AppConnect seeks to solve the budget busting and complex problem of tying together applications from multiple vendors, he said.

"If you [look] at how application integration is done today, it is very expensive because companies buy portal, EAI, and warehouse products and then the CIO has to integrate those integration products together," Gassner said. "That is a huge problem and the results are not stellar."

PeopleSoft is well-poised to tackle the integration problem, according to Gassner, because it can dig into three distinct application layers.

"We are the first company to come at application integration on these three levels: on the portal level, [and] on the traditional EAI and warehouse levels. You need to connect applications at these three levels, for the people, the process, and the data," he said.

AppConnect products support J2EE and .Net and communicate with each other using Web services standards. The Enterprise Portal and Enterprise Warehouse products include basic Web services support, while the Integration Broker product offers more sophisticated Web services capabilities such as transformation and routing. AppConnect runs on top of either BEA WebLogic or IBM WebSphere application servers.

In addition to creating links between the suite products, Web services technology also helps pave the way for integration with competing products from the likes of SAP and Oracle.

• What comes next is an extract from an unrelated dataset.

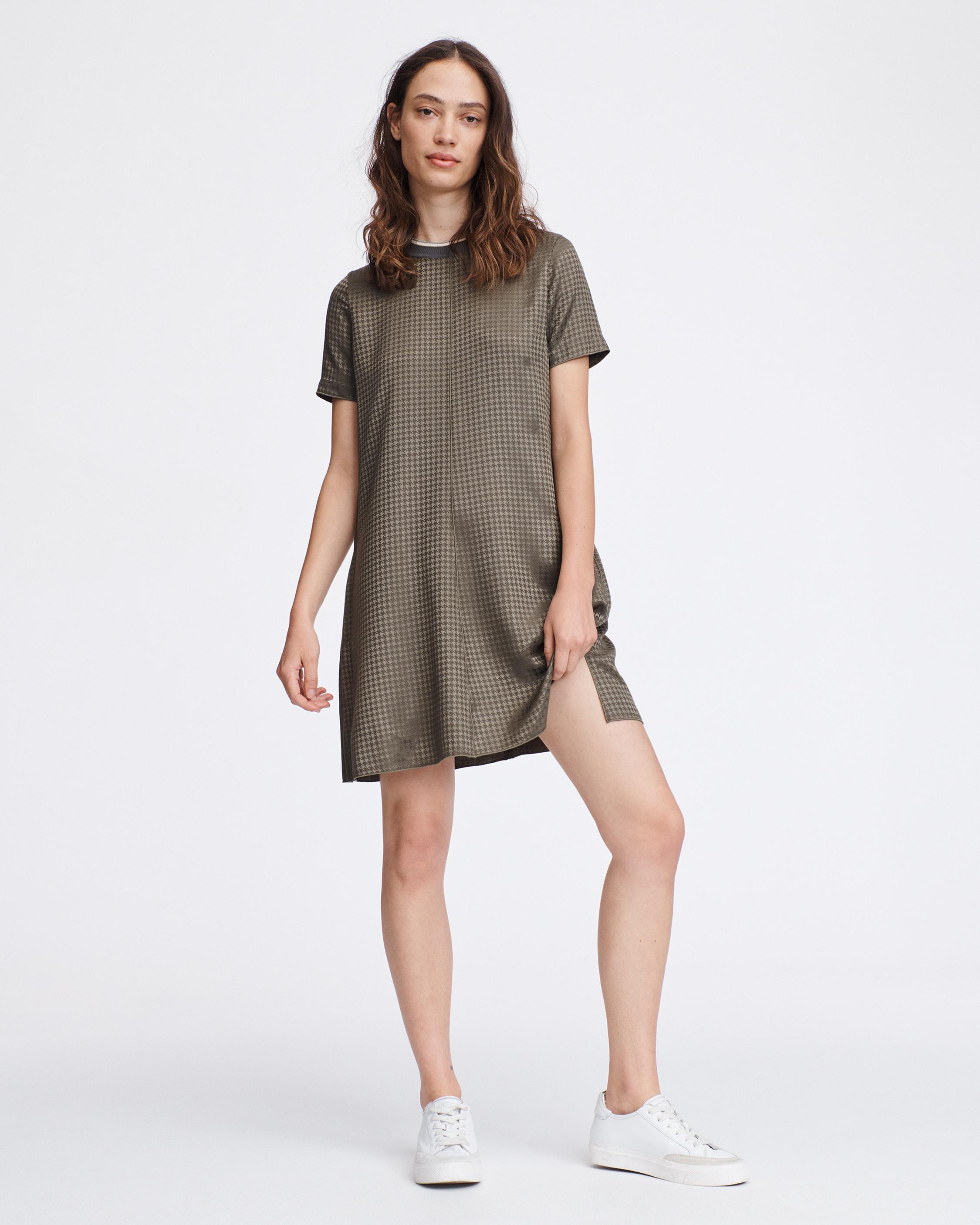 An easy-to-wear-anywhere t-shirt dress in an olive houndstooth print with a knit collar. Cut to the knee with a loose fit.

"That is the neutral way to communicate. There are a lot of standards and products are starting to use them. Going forward the need for these special connectors is going down & because applications like PeopleSoft and SAP both talk Web services," Gassner said.

Furthermore, because not every product or enterprise is Web services-enabled in the short term, PeopleSoft also will be rolling out a set of starter kits that provide packaged connectors to competing offerings.